* _WHAT TO PRODUCE_:
Look in the data below for the line that has "A közlekedőben található", then print exactly every line from there through the line that has "So it was necessary", leaving pictures out.

* _MATERIALS PROVIDED_:
****

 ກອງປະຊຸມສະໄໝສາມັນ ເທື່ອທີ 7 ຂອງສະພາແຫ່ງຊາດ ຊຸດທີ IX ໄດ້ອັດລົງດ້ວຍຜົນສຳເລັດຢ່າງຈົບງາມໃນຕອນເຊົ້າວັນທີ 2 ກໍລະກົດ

****

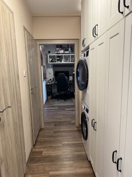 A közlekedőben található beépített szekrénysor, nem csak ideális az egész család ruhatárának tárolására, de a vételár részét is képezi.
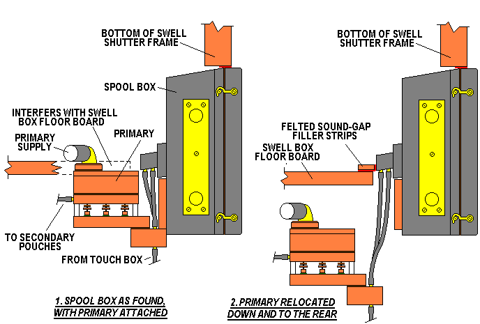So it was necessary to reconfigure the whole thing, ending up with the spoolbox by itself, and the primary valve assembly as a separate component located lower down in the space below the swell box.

****

* _RESULT FOR THIS EXERCISE_:
 A közlekedőben található beépített szekrénysor, nem csak ideális az egész család ruhatárának tárolására, de a vételár részét is képezi.
So it was necessary to reconfigure the whole thing, ending up with the spoolbox by itself, and the primary valve assembly as a separate component located lower down in the space below the swell box.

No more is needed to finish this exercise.